Package `emblaze`

Emblaze is a Jupyter notebook widget for visually comparing embeddings using animated scatter plots. It bundles an easy-to-use Python API for performing dimensionality reduction on multiple sets of embedding data (including aligning the results for easier comparison), and a full-featured interactive platform for probing and comparing embeddings that runs within a Jupyter notebook cell.

Installation

Compatibility Note: Note that this widget has been tested using Python >= 3.7. If you are using JupyterLab, please make sure you are running version 3.0 or higher. The widget currently does not support displaying in the VS Code interactive notebook environment.

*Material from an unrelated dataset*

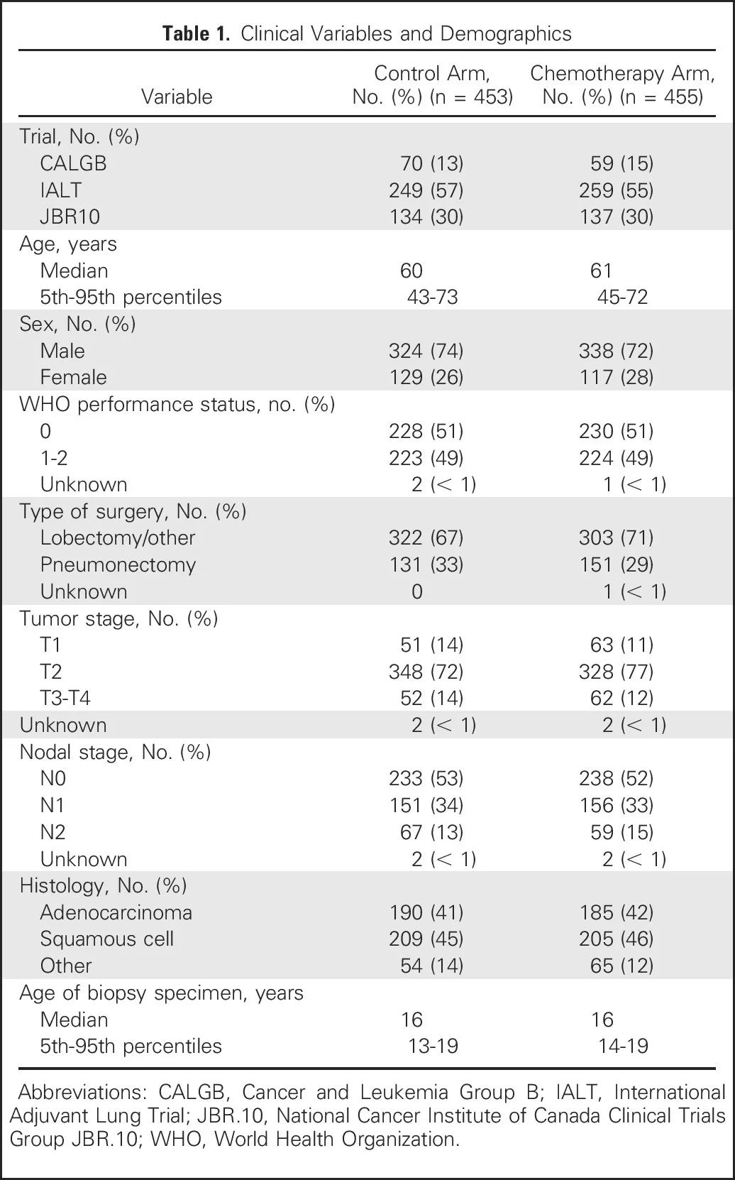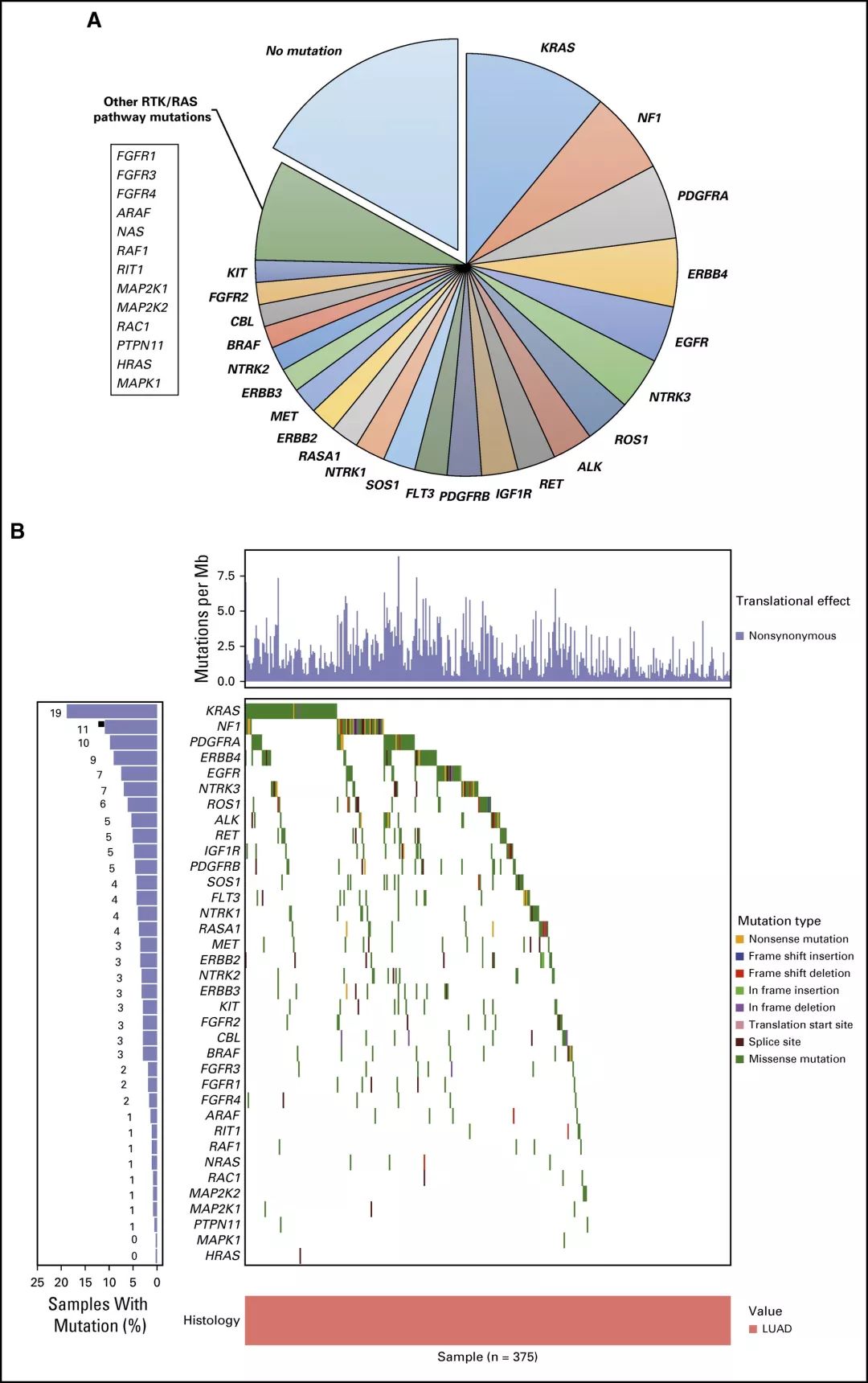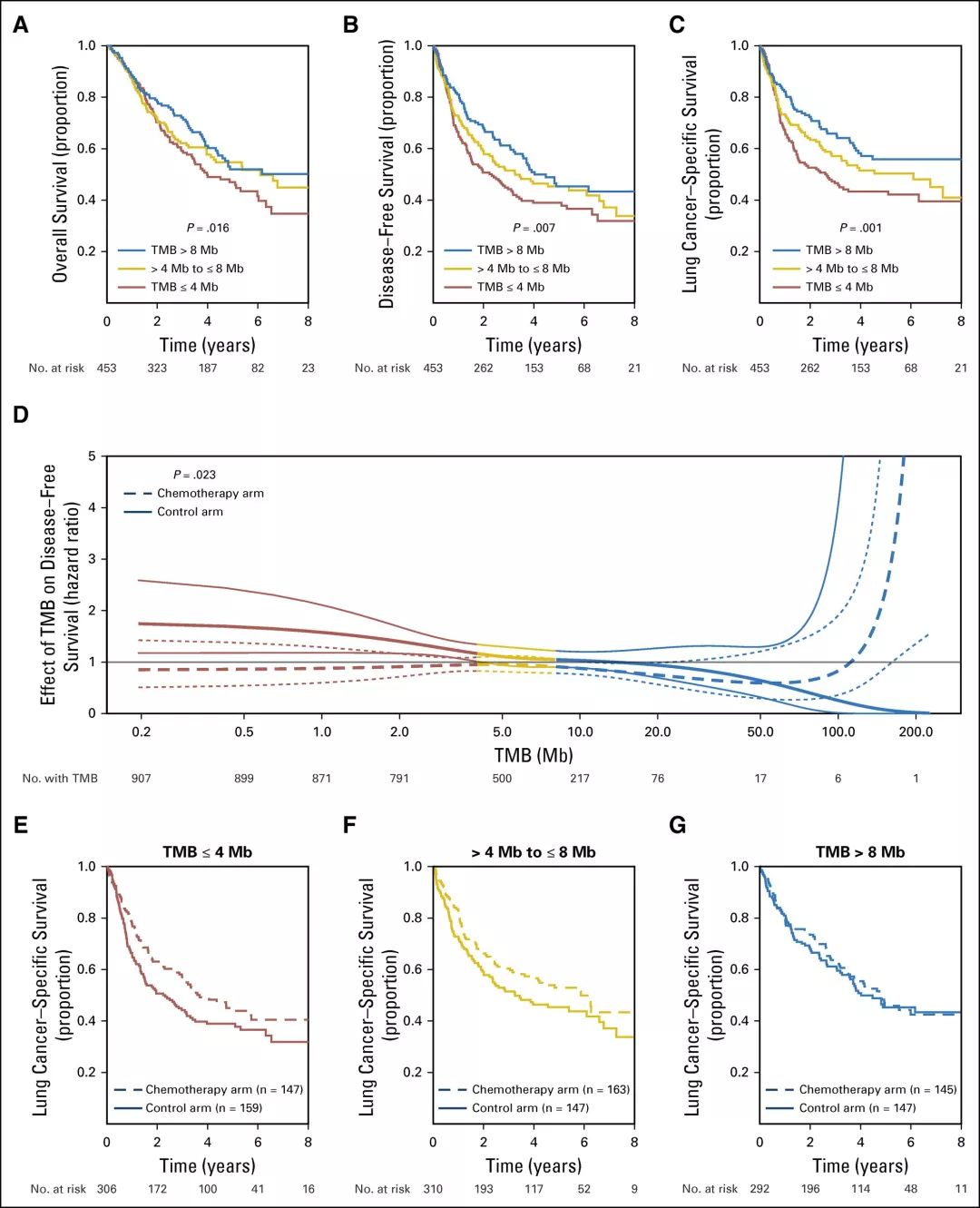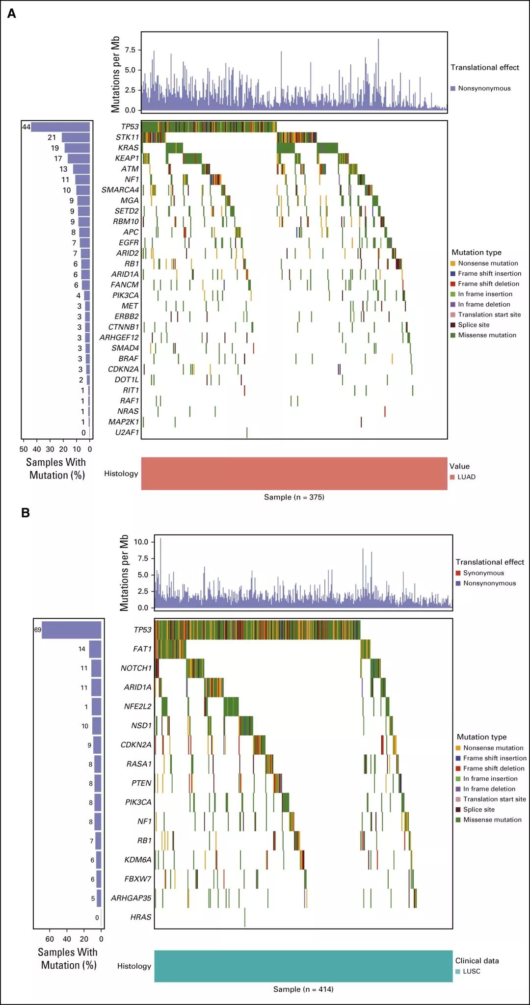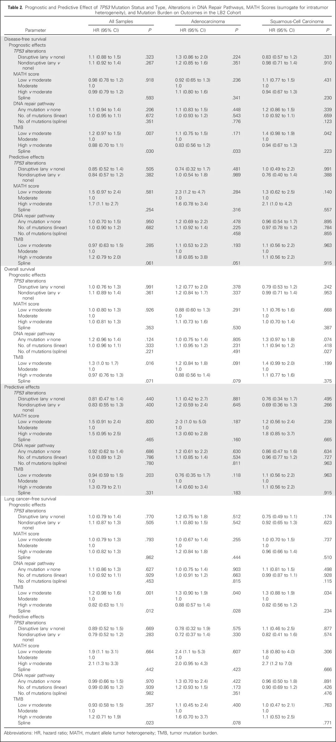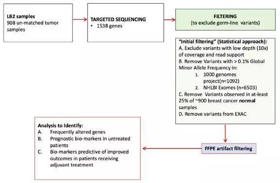 研究背景 术后Ⅱ-Ⅲ期NSCLC患者使用化疗辅助治疗具有一定的生存获益。但是对于这类患者的预后或预测的生物标志物的检测尚未在临床应用。本研究报道了肺癌顺铂辅助治疗评估LACE-Bio-II(LB2)研究的结果,分析了辅助治疗标志物临床试验中的>900例早期NSCLC患者的NGS检测和长期生存数据。我们使用靶基因panel来评估单基因突变、DNA修复途径和肿瘤突变负荷(TMB)的预后和预测效应。 研究方法 来自LB2研究的908个不匹配的术后NSCLC患者FFPE样本,使用1538靶基因panel进行NGS检测。使用严格的过滤标准排除福尔马林固定相关的胚系变异和假阳性。 在通过试验分层的Cox模型中评估无病生存期、总生存和肺癌特异性生存(LCSS),此模型可针对治疗方式、年龄、性别、表现评分、组织学、手术类型和分期进行调整。检测平台为Illumina HiSeq 2000。由于同义突变的功能改变是不确定的,所以本研究分析中只包括了非同义突变。错义、无意义、剪接位点和移码突变被认为是非同义的。少于20个样本的非同义突变在基因特异性预后分析中被剔除。 附图:LB2分析流程 研究结果 1、样本信息,人口统计学和临床特征 本研究纳入了三个LB2研究的1608名患者,其中1008名患者的FFPE样本含有足够的肿瘤细胞。排除了组织数量或者质量不达标的样本之后,剩余908名患者的样本进行1538靶基因panel测序,该panel基于癌症基因组图谱(TCGA)泛癌症分析选定;其中27%为女性(见表1)。确诊的中位年龄为60岁(27-81岁)。大部分患者为Ⅱ期(n=676;75%),12.5%为Ⅰ期(n=114),12.5%为Ⅲ/Ⅳ期(n=114)。三个LB2研究中,只有两个可知入组患者的吸烟历史。 表1:患者基线特征 2、TMB和高频突变基因 在额外排除了低VAF(变异等位基因频率)的C>T转换之后,中位非同义TMB为5.7/Mb(范围0.19-225/Mb;四分之一间距3.2-9.7/Mb;数据见附录)。 错义变异(38%)是最常见的变异类别。 其他非同义突变发生率较低,包括无意义(3.5%)和剪接位点(4%)变异。 本研究鉴定了TCGC LUAD(肺腺癌)和LUSC(肺鳞癌)亚组的突变基因清单,并且将这些基因在TCGA和LB2样本中的突变频率进行了比较。结果表明大部分的突变频率是一致的(图1)。在LB2样本中,LUAD与LUSC显著不同的突变基因是KRAS(19% v 2%)、TP53(44% v 69%)、STK11(21% v 2%)。 图1:瀑布图显示来自LACE-Bio II队列的(A)LUAD(n = 375)和(B)LUSC(n = 414)样本的基因突变频率和突变类型在癌症基因组图谱队列中处于统计显著学水平。 在近70%(n = 265)的LUAD样本中发现了受体酪氨酸激酶/ RAS信号传导通路的突变(图2)。在LUAD样本中,KRAS是最常见的突变致癌基因(19%;n=72)。 正如预期的那样,在3%的LUSC样本中发现了KRAS、HRAS、NRAS和EGFR激活突变。 LB2队列的一个LUSC样本中发现了EGFR L858R突变。 图2:(A)大约70%的LUAD样本在RTK/RAS/RAF通路中发现了至少一个突变。 (B)LACE-Bio II队列中所有LUAD样本在以上这些突变基因的整体分布。 各个基因的突变频率是有重叠的(总和并非100%)。 LUAD,肺腺癌。 3、预后和预测分析 考虑到LB2样本检测的仅仅是1538个基因,并且只考虑非同义突变,本研究评估了用有限的基因panel检测得到的TMB来替代全外显子测序得到的TMB的可行性。最终将结果限定在1214个LB2基因,这些基因可以映射回TCGA数据集,包括所有关键的癌基因。非同义TMB与DFS、OS、LCSS预后显著相关(表2)。所有肿瘤样本基于TMB水平分为三类(低,≤4mutations/Mb;中,<4mutations/Mb 且≤8mutations/Mb;高,>8mutations/Mb),高TMB组预后最好,低TMB组预后最差(DFS、OS、LCSS的P值分别为0.007、0.016、0.001)。TMB与LUAD、LUSC的LCSS均显著相关。探索性分析表明,当使用一个更灵活的模型时,TMB可能可以作为LCSS的一个显著预测因子(P=0.023;表2,图3),但不适用于DFS或OS。这个模型适用于所有组织类型的汇总分析,但不适用于LUAD或者LUSC的单独分析。这个模型表明对于低TMB样本,用TMB来预测化疗辅助治疗的LCSS获益是最佳的,随着TMB增加预测作用反而降低。然而,这个结果可能受到了少数极高TMB的样本的影响,并且线性趋势在三组不同水平TMB的亚组中没有显著性。 肿瘤MATH评分与LB2生存期无显著的预后或预测相关性。TILs密度与TMB或MATH评分均无统计学相关性。908个样本中,805个样本基于肿瘤及基质中的PD-L1表达水平(使用E1L3N抗体)进行了分类,阈值分别为<1%、<25%、<50%和<1%、<10%、<25%。高TMB或MATH评分与PD-L1表达水平并非正相关,尽管基质中的PD-L1表达与高密度TIL浸润具有相关性。 总计571个样本(60%)中检测到了TP53突变。TP53突变的存在,不管是破坏性的还是非破坏性的,既不是预后也不是预测性的标志物。DNA修复路径的突变对于化疗辅助治疗既不是预后也不是预测性的标志物。 表2:LB2队列中TP53突变状态和突变类型、DNA修复途径的改变、MATH评分(代表肿瘤内异质性)、TMB对于生存期的预后和预测效应 图3:Kaplan-Meier曲线显示所有肿瘤样本中非同义TMB对于(A)总生存、(B)无病生存期、(C)肺癌特异性生存(LCSS)的预后效应。(D)当使用更灵活的“样条”模型时,TMB与化疗辅助治疗LCSS获益的风险比。 (E-G)不同水平TMB下,非同义TMB对于LCSS的预测效应(P =0.357)。 TMB,肿瘤突变负荷。 讨论 本研究表明,高非同义TMB与更好的预后具有显著相关性,低非同义TMB可用来预测化疗辅助治疗的LCSS获益。然而,本研究的结论需要谨慎解读,因为这个结果可能受到了少数极高TMB的样本的影响,并且线性趋势在三组不同水平TMB的亚组中没有显著性。尽管OS和DFS的预测作用不显著

Install Emblaze using pip:

pip install emblaze

The widget should work out of the box when you run jupyter lab (see "Quickstart" below).

Jupyter Notebook note: If you are using Jupyter Notebook 5.2 or earlier, you may also need to enable the nbextension:

jupyter nbextension enable --py --sys-prefix emblaze

Standalone Demo

Although the full application is designed to work as a Jupyter widget, you can run a standalone version with most of the available features directly in your browser. To do so, simply run the following command after pip-installing the package (note: you do not need to clone the repository to run the standalone app):

python -m emblaze.server

Visit localhost:5000 to see the running application. This will allow you to view two demo datasets: one showing five different t-SNE projections of a subset of MNIST digits, and one showing embeddings of the same 5,000 words according to three different data sources (Google News, Wikipedia, and Twitter).

To add your own datasets to the standalone app, you can create a directory containing your saved comparison JSON files (see Saving and Loading below), then pass it as a command-line argument:

python -m emblaze.server /path/to/comparisons

Quickstart

Let's demonstrate the use of Emblaze to compare dimensionality reduction plots of the MNIST dataset. In a Jupyter notebook, use the following code to retrieve the MNIST dataset (or load your own feature and label data as variables X and Y):

from tensorflow.keras.datasets import mnist
import numpy as np

_, (x_test, y_test) = mnist.load_data()
# Get a random subset of the data
indexes = np.random.choice(x_test.shape[0], size=2000, replace=False)
X = x_test[indexes].reshape(-1, 28*28)
Y = y_test[indexes]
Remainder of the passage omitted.